Ritchie et al. 2010, Nicotine & Tobacco Research, (12)6, 622-629:
"Relatively little consideration has been given to the potentially negative, albeit unintended, consequences of smoke-free policies within different social and cultural contexts, in particular the increased stigmatization of smokers".
Amnesty International, Choice and Prejudice, Discrimination against Muslims in Europe:
"The achievement of women’s equality and the fight against all forms of gender-based discrimination would be better served by improving implementation of... existing legislation instead of supporting general bans on specific forms of dress, which is likely to further stigmatize women from ethnic and religious minorities".
The Wiener Library, The World's Oldest Holocaust Memorial Institution:
"From 13 March 1942, flats that had Jews living in them also had to be marked by a Star of David. This publicly visible stigmatisation and humiliation denoted the final step in the process of social exclusion of the Jews which began in 1933".
09) Religious Marriage
Redefining religious marriage is actually, ironically much less of an issue than legal "marriage":
- Religious freedom is part of the International Bill of Human Rights.
- Currently established religion's do not have a monopoly on god-concepts or the word "marriage".
- If people are entitled to their own religious beliefs then a gay Christian or member of any other religion is entitled to believe that their God(s) will bless their same-sex marriage.
- Either the gay Christian can find a church that will marry them or simply make their own church.
- Religious marriage appears to be a non-issue and is only usually regarded as one due to the mistaken belief that it can only take the form of a Christian marriage, within a denomination that opposes same-sex marriage.
Gallup, International Pollster, "USA Today" Poll, 05/12/2012:
"Americans who oppose the legalization of same-sex marriage, 46% of the adult population, are most likely to explain their position on the basis of religious beliefs".
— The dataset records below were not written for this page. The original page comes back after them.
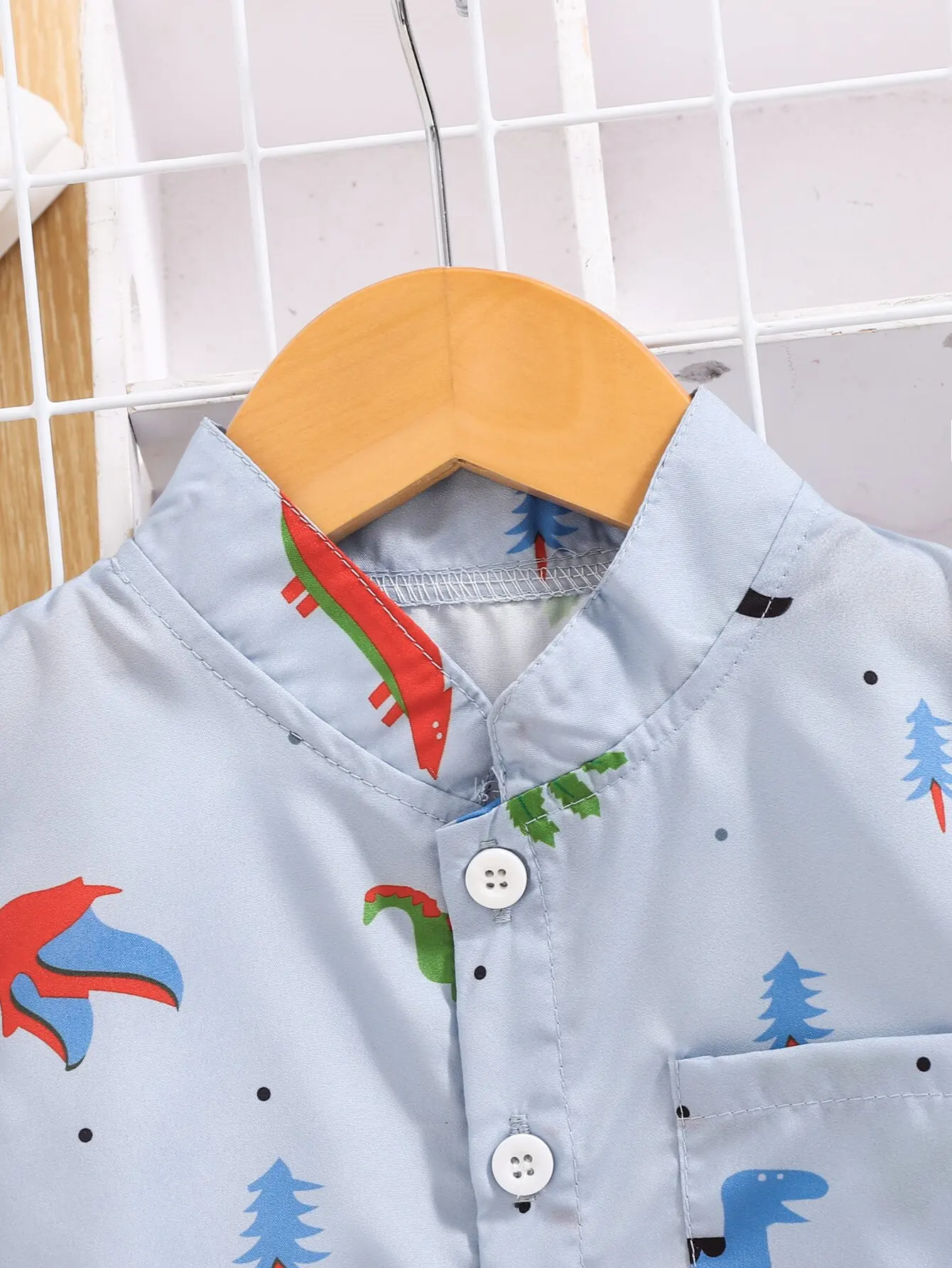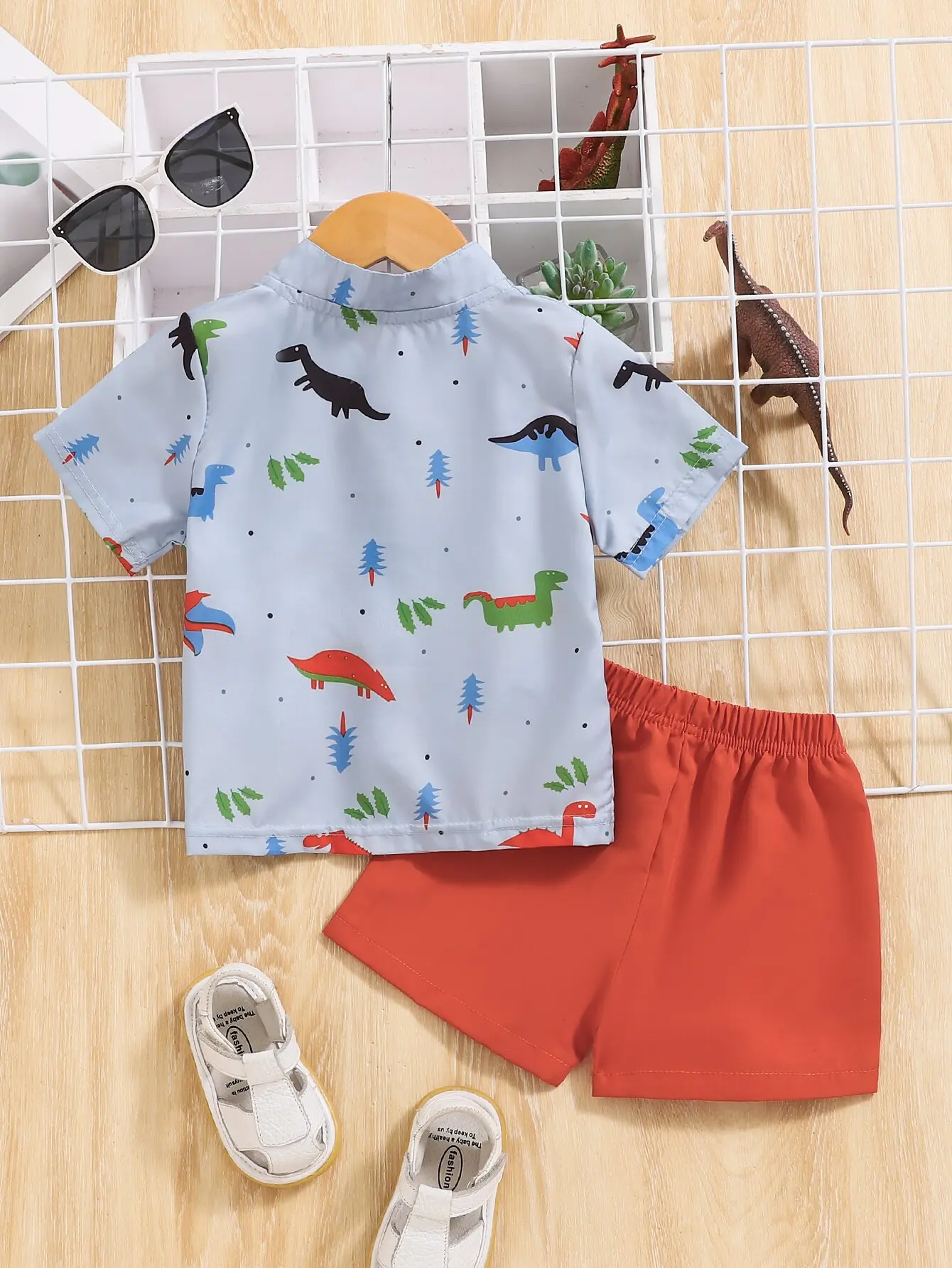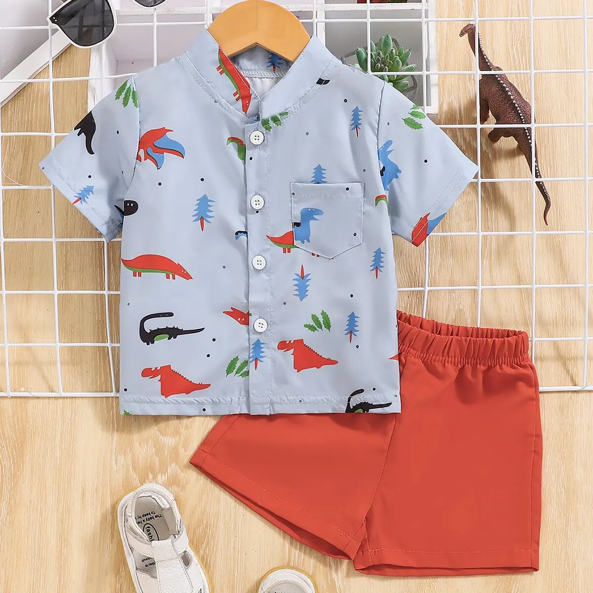 2 Piece Summer Baby Boy Casual Sport Cute Casual Baby Dinosaur Print Shirt Orange Shorts Comfortable Breathable Baby Set
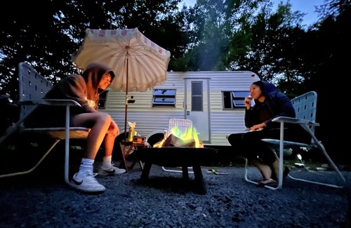 Our Boheme Retreat vintage campers are grouped together so that your near by neighbors are also vintage campers. At Boheme Retreats we offer a more elevate camping experience. We hope you come ready to enjoy our take on glamping, in a rustic setting where you are sure to connect with nature. The camper Shirley sleeps 3 adults. 1 additional child can be added and a floor sleeping mat provided at your request. We allow 1 pet in Shirley. Inside the vintage trailers you'll find : rv full size bed, and a rattan daybed. It also comes with a kitchen, refrigerator, AC unit, fresh linens, towels, bathroom with shower, toilet, sink, tableware and french press. Camper is hooked up to electric and water. Septic tank is dumped by campground as needed. Outside seating, fire pit and small grill is provided. Hiking is in walking distance with a small waterfall and the Willowemoc creek on the property is a popular trout fishing stream. You'll definitely fall in love with Livingston Manor!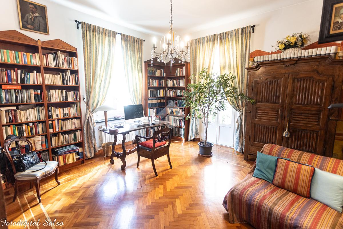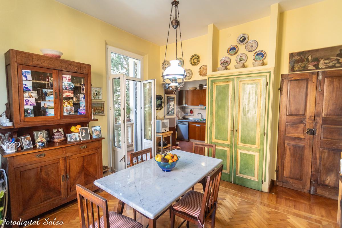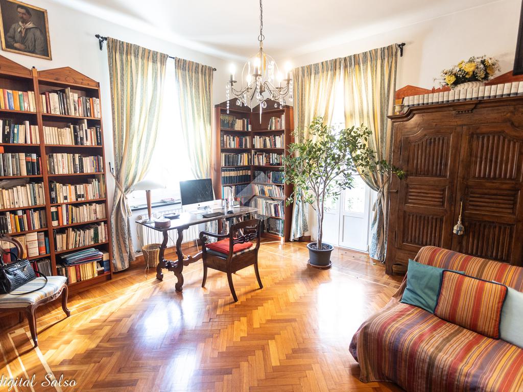 Cucina con grande tinello e balcone, sala libreria con balcone, sala pranzo e bagno completano il piano. Il nuovo proprietario può scegliere se trasformare una o due stanze del primo piano in camere da letto matrimoniali così da ricavare un totale di 4 camere.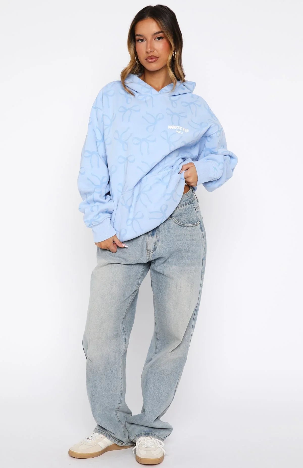 Unwind in style with our prettiest loungewear yet. The Vol. 1 Oversized Printed Hoodie Blue Bow is designed with a relaxed hood, slouched shoulders and ribbed hems, which round out an oversized silhouette. Featuring long sleeves, a roomy front pocket, unlined fleece interior, this hoodie delivers a cosy feel. White Fox puff‑print text embellishes the centre front and back, paired with a printed "made with love" text and bow design. Style with your go-to denim jeans and sneakers for a cute, cosy weekend fit.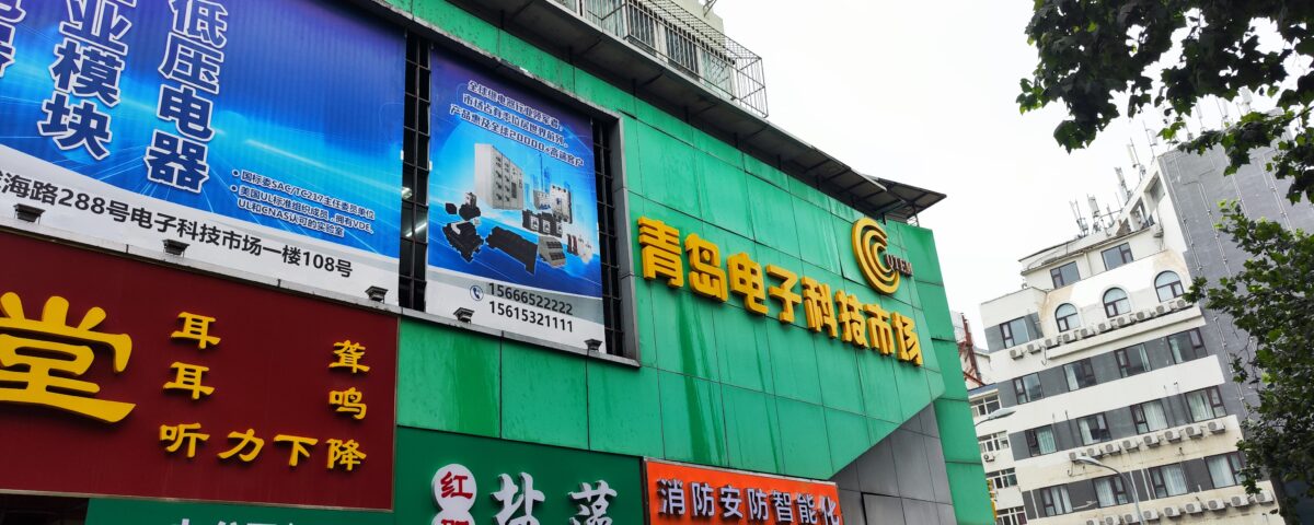 ちなみにこの辺りには他にも似たようなスタイルの電気街と思しき建物がいくつもあるのですが、見た感じでは青島電子科技市場と山賀電子市場がこの辺りのツートップという感じでした。手前の看板を見るに、中国語で「シーメンス」は「西門子」って書くんですね。確かに中国語の発音を考えると納得の当て字です。
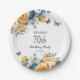 Platos de papel para fiestas de 70 años con hermosos rosas amarillos y polvorientos azules y flores y mariposas de color crema. Estas placas se pueden personalizar para cualquier edad. Contáctame para obtener ayuda con tus personalizaciones o para solicitar productos adicionales de correspondencias o coordinación de Zazzle para tu celebración.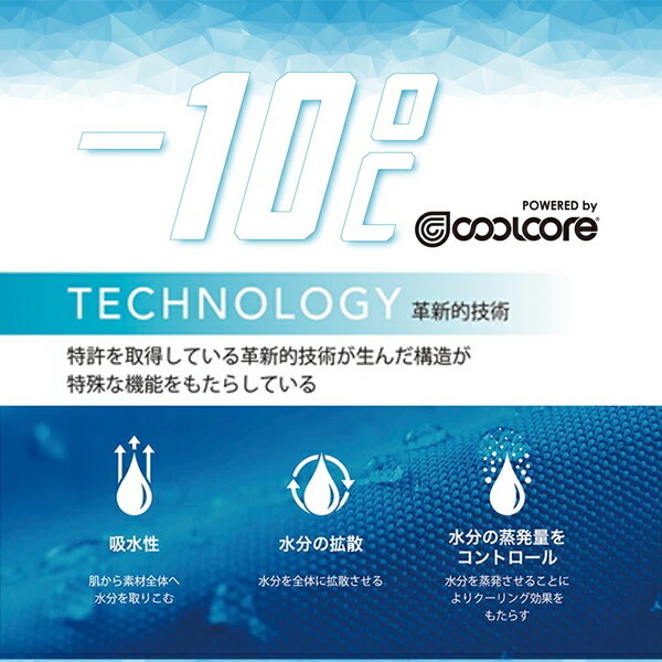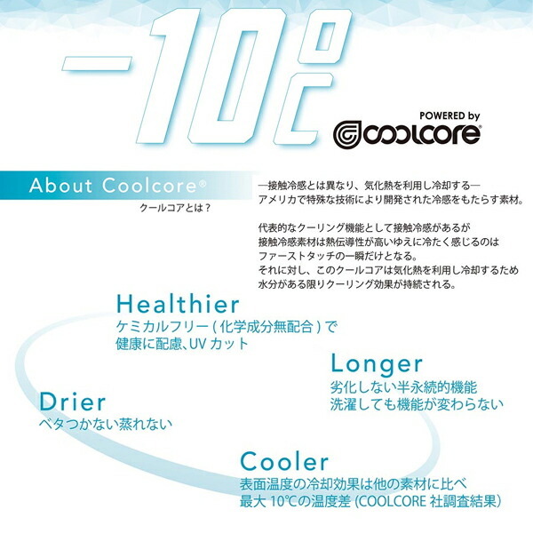 「クールコア」とは、接触冷感とは異なり、気化熱を利用し冷却する。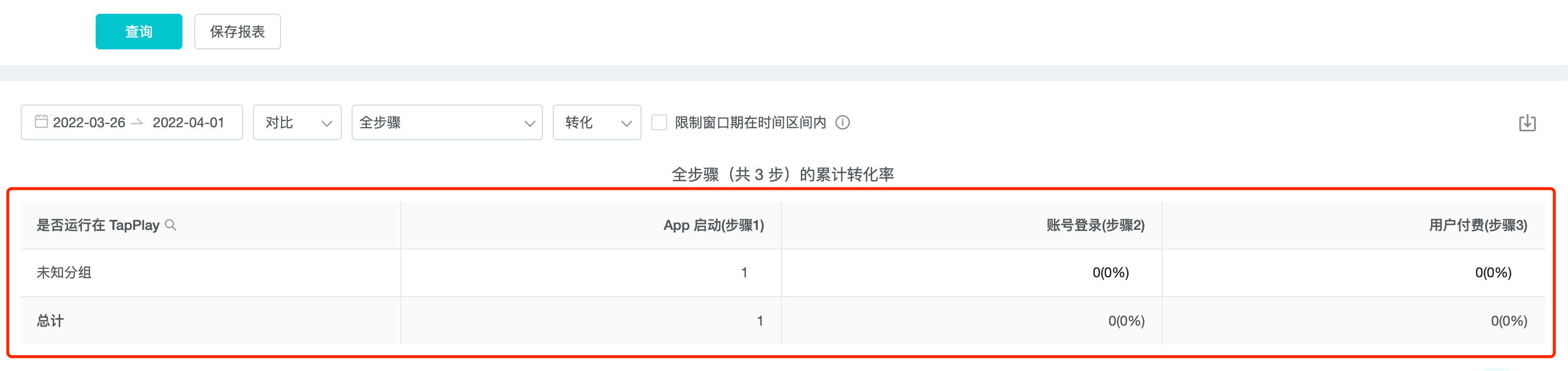 You can select the range of analysis steps, and according to the "Comparison/Trend" and "Conversion/Churn" settings, you can get 4 types of reports: Conversion Comparison Table, Churn Comparison Table, Conversion Trend Table, and Churn Trend Table.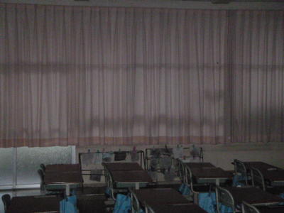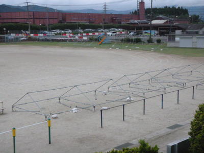 学校でも、運動会用テントをたたんで幕を外したり、教室にはカーテンをしたり、飛散する可能性のあるものを室内に入れたりして、台風対策を行いました。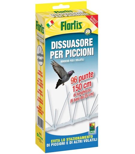 Flortis dissuasore aiuta ad allontanare piccioni e volanti da davanzali di finestre, balconi, terrazzi, cornicioni e tetti, in modo meccanico, impedendone l`atterraggio, senza arrecare loro alcun danno. È costituito da aghi in acciaio inox da montare su una base in policarbonato, trasparente e resistente ai raggi UV, dotata di una speciale guida per il fissaggio. Copre fino a 1,5 m, è applicabile ad ogni superficie, è praticamente non visibile una volta installato, è di facile installazione e manutenzione, resistente alle intemperie e di lunga durata. Un astuccio contiene 6 basi da 25 cm in policarbonato (totale 1,5 m) + 48 spilli in acciaio inox (totale 96 punte). ...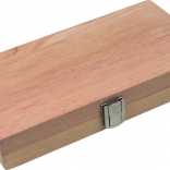 Elegant speelbord van natuurlijk hout dat opvouwt tot een kistje en een vilten voering heeft voor een soepele beweging van de schijven en comfortabel spel.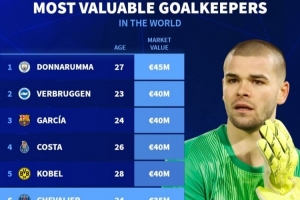 體育資訊3月25日訊 德國轉會市場統計了門將的最新身價,并列出榜單,多納魯馬4500萬歐居首,維爾布魯根、霍安·加西亞、迪奧戈·科斯塔、科貝爾4000萬歐。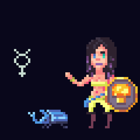 Alesssandra Armageddon of the Hall, a name that resonates with a fierce and indomitable spirit, is a figure of immense power and mystery within the Runiverse. Her appearance is as striking as her reputation, donned in a Dominatrix headpiece, a Yellow Amazonian Jumpsuit that clings to her like a second skin, showcasing her battle-ready physique and warrior's poise. Her choice of shield, the Mushroom Shield, is not just for defense but a symbol of her connection to the earth and its hidden powers. By her side, an Ultramarine Rhinoceros Beetle, a companion as rare and formidable as Alesssandra herself, signifies her dominion over both the natural and supernatural realms. The Rune of Mercury she bears is a testament to her swift and untraceable movements in battle, as well as her mercurial temperament, making her an unpredictable ally and a fearsome enemy.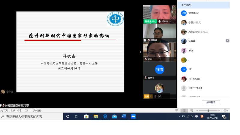 孙敬鑫主任从中央对新时代中国国家形象的定位,疫情前中国国家形象的海外认知,疫情期间国家形象的自塑与他塑等方面进行了讲解,详细分析了国家形象的内涵外延,并利用自己多年调研的数据,从不同视角向大家分析了我国国家形象的塑造和演变状况,特别就疫情期间国外不同国家和媒体对我国的态度与非议、我国面临的挑战和需要做的努力等进行了讲解。最后解答了师生们的提问。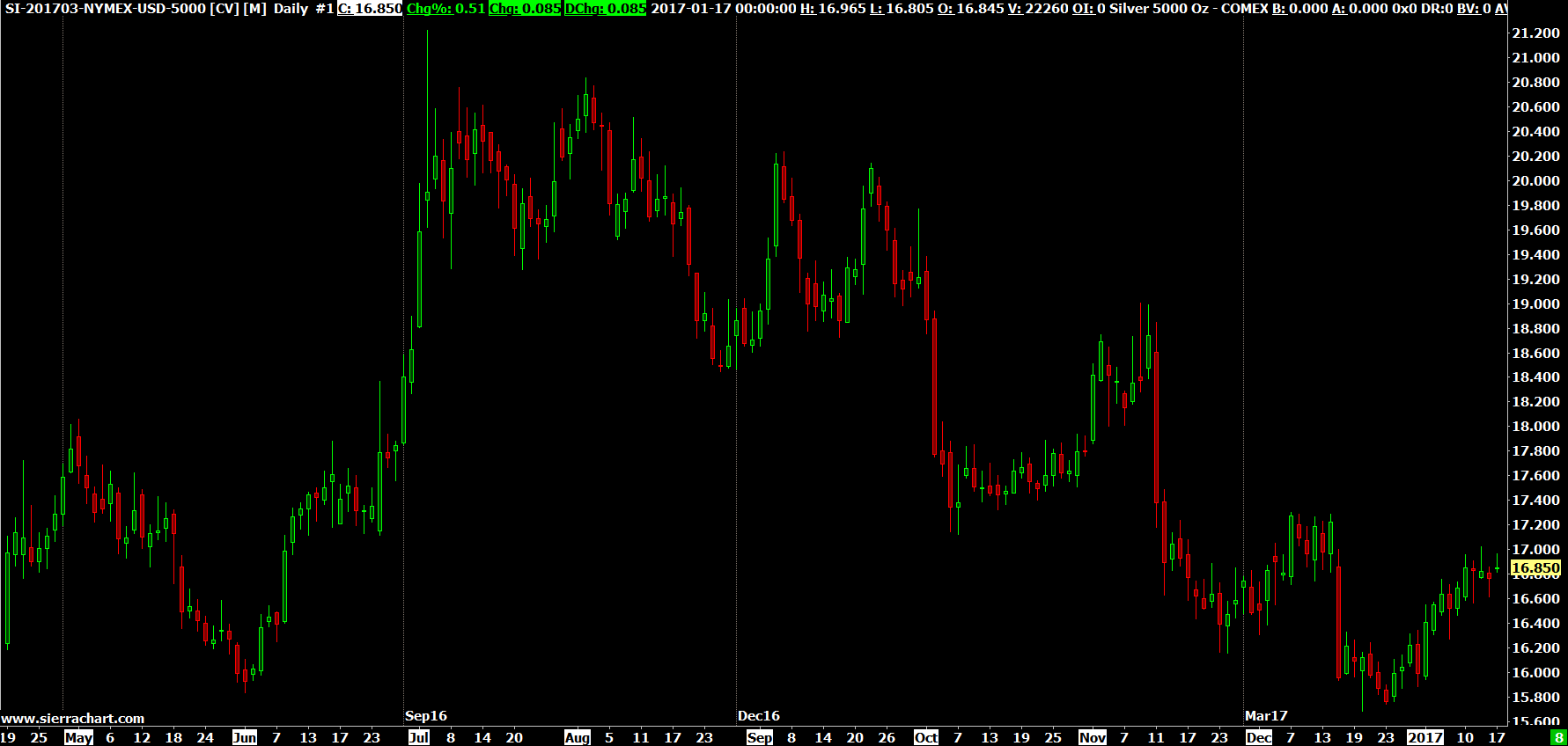 Continuous SI-201703-NYMEX-USD-5000 contract has missing days on daily but not on intraday

Frequently this stems from the misconception that they have a monopoly on marriage because it was created by their religion. Even in the case of genesis, the Jewish origin of marriage, Bible scholars widely agree that the book of genesis was constructed between 330-540 BC (1), which is massively pre-dated by the Code of Ur-Nammu, the oldest law code that regulates marriage, constructed c.2100 BC (2). As demonstrated by the numerous alterations to the definition of marriage throughout history, its application is not constrained by its origin anyway.
(1) J. Blenkinsopp & J. Barton, 1998, The Cambridge Companion to Biblical Interpretation, Cambridge University Press, page 184.
(2) J. Finkelstein, 1966, Journal of the American Oriental Society, 86(4), 355-372.